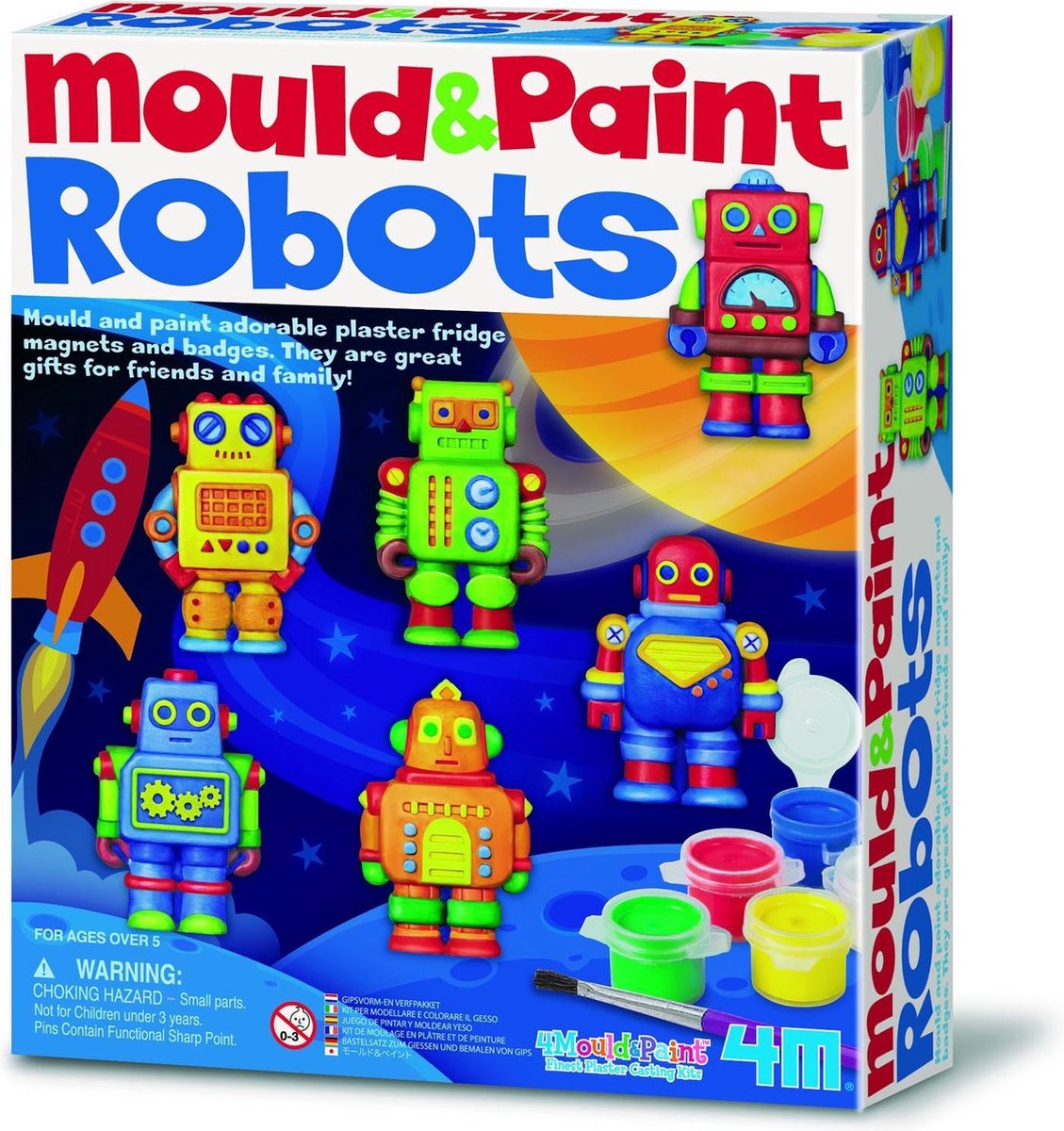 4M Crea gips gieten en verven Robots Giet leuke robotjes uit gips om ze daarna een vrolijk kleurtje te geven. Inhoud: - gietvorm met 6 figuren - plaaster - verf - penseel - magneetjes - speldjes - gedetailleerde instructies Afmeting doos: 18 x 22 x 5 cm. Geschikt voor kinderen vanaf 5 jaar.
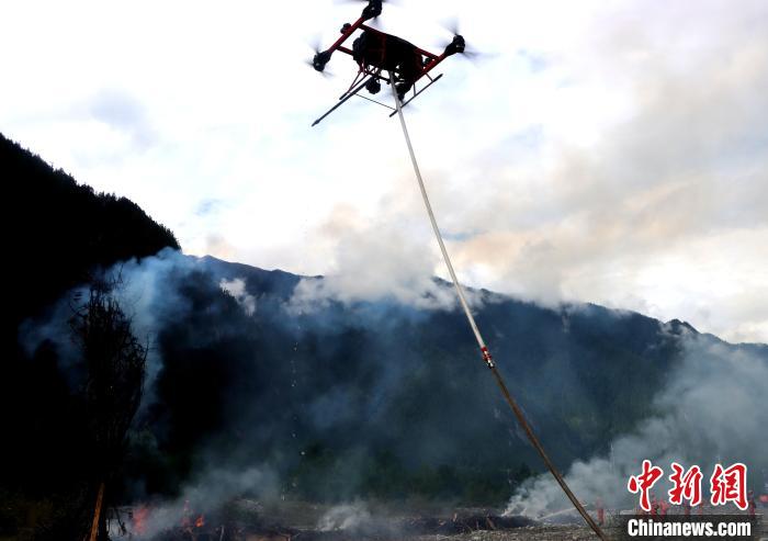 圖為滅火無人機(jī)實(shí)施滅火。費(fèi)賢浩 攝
...
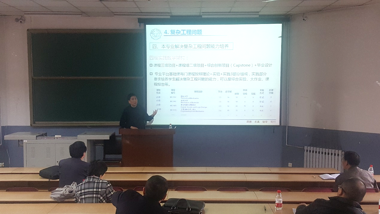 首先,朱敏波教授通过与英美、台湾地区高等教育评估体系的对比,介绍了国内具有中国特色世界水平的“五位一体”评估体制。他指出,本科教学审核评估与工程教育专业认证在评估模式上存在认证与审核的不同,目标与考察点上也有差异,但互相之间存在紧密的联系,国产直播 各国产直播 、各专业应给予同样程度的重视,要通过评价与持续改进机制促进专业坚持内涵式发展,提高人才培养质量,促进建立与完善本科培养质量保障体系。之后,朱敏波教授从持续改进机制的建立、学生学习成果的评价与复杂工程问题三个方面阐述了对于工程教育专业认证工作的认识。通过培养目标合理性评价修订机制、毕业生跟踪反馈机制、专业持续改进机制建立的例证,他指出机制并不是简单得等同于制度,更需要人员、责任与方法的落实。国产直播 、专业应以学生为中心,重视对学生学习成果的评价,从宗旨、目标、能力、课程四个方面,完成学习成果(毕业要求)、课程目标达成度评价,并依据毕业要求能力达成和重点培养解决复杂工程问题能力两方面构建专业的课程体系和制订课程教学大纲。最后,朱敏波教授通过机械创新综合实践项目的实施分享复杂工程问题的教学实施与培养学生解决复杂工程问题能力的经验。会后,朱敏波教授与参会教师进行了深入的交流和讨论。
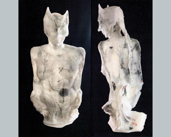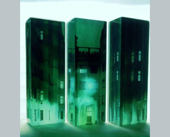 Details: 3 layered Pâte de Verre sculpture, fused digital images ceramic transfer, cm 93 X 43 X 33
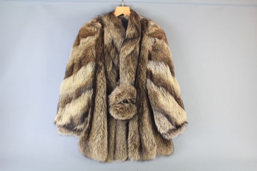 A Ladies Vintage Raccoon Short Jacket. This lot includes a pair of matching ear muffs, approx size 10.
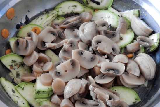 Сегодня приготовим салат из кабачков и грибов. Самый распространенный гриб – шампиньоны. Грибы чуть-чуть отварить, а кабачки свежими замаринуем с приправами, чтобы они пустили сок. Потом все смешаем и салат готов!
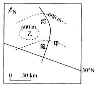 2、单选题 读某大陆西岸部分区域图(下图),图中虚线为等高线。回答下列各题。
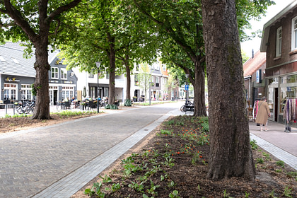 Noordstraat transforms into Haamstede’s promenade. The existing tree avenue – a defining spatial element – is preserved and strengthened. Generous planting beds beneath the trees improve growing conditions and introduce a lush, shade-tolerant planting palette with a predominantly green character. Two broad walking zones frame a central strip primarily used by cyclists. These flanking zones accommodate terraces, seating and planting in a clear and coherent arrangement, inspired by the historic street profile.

> [Exercise description]:
Would you transcribe the lines above exactly, going from the line bearing "Details: 3 layered" through the line bearing "Noordstraat transforms into", and drop the pictures from the copy?

> [Written response]:
 Details: 3 layered Pâte de Verre sculpture, fused digital images ceramic transfer, cm 93 X 43 X 33
 A Ladies Vintage Raccoon Short Jacket. This lot includes a pair of matching ear muffs, approx size 10.
 Сегодня приготовим салат из кабачков и грибов. Самый распространенный гриб – шампиньоны. Грибы чуть-чуть отварить, а кабачки свежими замаринуем с приправами, чтобы они пустили сок. Потом все смешаем и салат готов!
 2、单选题 读某大陆西岸部分区域图(下图),图中虚线为等高线。回答下列各题。
 Noordstraat transforms into Haamstede’s promenade. The existing tree avenue – a defining spatial element – is preserved and strengthened. Generous planting beds beneath the trees improve growing conditions and introduce a lush, shade-tolerant planting palette with a predominantly green character. Two broad walking zones frame a central strip primarily used by cyclists. These flanking zones accommodate terraces, seating and planting in a clear and coherent arrangement, inspired by the historic street profile.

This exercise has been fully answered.